◆ Information shown:
------------
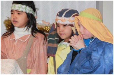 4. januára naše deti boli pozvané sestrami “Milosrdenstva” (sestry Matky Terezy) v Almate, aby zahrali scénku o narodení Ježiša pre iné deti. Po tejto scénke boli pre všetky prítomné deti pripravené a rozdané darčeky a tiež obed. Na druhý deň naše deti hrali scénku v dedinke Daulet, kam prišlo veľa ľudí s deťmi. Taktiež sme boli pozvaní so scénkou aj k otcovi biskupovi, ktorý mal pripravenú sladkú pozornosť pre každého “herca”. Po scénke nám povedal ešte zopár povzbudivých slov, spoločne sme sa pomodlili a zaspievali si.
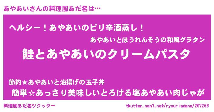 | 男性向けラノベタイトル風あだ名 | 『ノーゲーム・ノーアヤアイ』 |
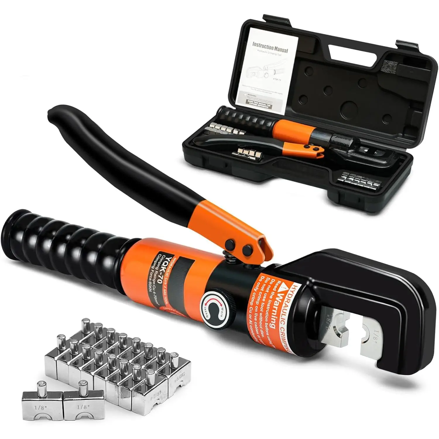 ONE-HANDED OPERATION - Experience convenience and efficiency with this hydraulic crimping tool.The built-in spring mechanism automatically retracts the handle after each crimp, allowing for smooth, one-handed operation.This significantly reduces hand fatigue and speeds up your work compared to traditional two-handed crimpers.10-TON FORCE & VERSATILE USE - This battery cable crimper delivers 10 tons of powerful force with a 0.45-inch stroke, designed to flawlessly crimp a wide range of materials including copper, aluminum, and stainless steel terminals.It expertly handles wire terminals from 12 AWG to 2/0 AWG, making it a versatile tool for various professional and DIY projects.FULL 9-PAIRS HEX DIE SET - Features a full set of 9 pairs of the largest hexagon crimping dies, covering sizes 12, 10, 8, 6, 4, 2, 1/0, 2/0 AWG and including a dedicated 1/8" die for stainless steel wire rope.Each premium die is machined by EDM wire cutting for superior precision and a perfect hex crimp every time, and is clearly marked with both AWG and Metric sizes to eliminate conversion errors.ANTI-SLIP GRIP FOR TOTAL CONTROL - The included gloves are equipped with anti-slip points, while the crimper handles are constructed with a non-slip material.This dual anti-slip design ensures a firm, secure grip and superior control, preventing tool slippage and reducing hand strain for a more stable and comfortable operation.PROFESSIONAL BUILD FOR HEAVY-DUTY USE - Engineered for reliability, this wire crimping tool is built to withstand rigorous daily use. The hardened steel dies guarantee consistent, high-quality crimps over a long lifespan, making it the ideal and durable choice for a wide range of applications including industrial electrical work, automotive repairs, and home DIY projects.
------------
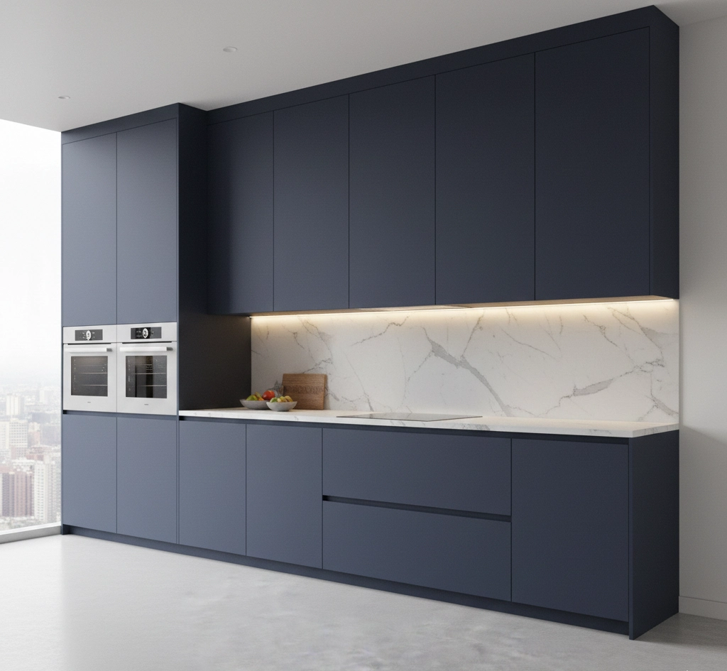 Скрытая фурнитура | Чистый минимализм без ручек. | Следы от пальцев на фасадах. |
------------
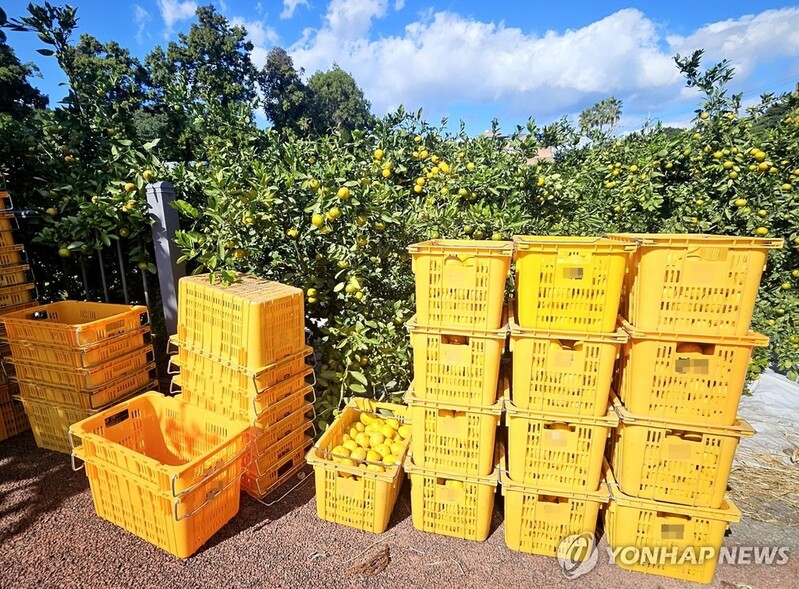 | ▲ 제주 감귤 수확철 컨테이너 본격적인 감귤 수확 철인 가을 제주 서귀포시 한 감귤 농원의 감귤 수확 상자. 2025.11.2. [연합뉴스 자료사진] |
------------
◆ Task brief: Give again the stretch of lines above from the one with "男性向けラノベタイトル風あだ名 | 『ノーゲーム・ノーアヤアイ』 |" through the one with "ONE-HANDED OPERATION - Experience", both ends kept, and copy no pictures.

◆ Result below:
 | 男性向けラノベタイトル風あだ名 | 『ノーゲーム・ノーアヤアイ』 |
 ONE-HANDED OPERATION - Experience convenience and efficiency with this hydraulic crimping tool.The built-in spring mechanism automatically retracts the handle after each crimp, allowing for smooth, one-handed operation.This significantly reduces hand fatigue and speeds up your work compared to traditional two-handed crimpers.10-TON FORCE & VERSATILE USE - This battery cable crimper delivers 10 tons of powerful force with a 0.45-inch stroke, designed to flawlessly crimp a wide range of materials including copper, aluminum, and stainless steel terminals.It expertly handles wire terminals from 12 AWG to 2/0 AWG, making it a versatile tool for various professional and DIY projects.FULL 9-PAIRS HEX DIE SET - Features a full set of 9 pairs of the largest hexagon crimping dies, covering sizes 12, 10, 8, 6, 4, 2, 1/0, 2/0 AWG and including a dedicated 1/8" die for stainless steel wire rope.Each premium die is machined by EDM wire cutting for superior precision and a perfect hex crimp every time, and is clearly marked with both AWG and Metric sizes to eliminate conversion errors.ANTI-SLIP GRIP FOR TOTAL CONTROL - The included gloves are equipped with anti-slip points, while the crimper handles are constructed with a non-slip material.This dual anti-slip design ensures a firm, secure grip and superior control, preventing tool slippage and reducing hand strain for a more stable and comfortable operation.PROFESSIONAL BUILD FOR HEAVY-DUTY USE - Engineered for reliability, this wire crimping tool is built to withstand rigorous daily use. The hardened steel dies guarantee consistent, high-quality crimps over a long lifespan, making it the ideal and durable choice for a wide range of applications including industrial electrical work, automotive repairs, and home DIY projects.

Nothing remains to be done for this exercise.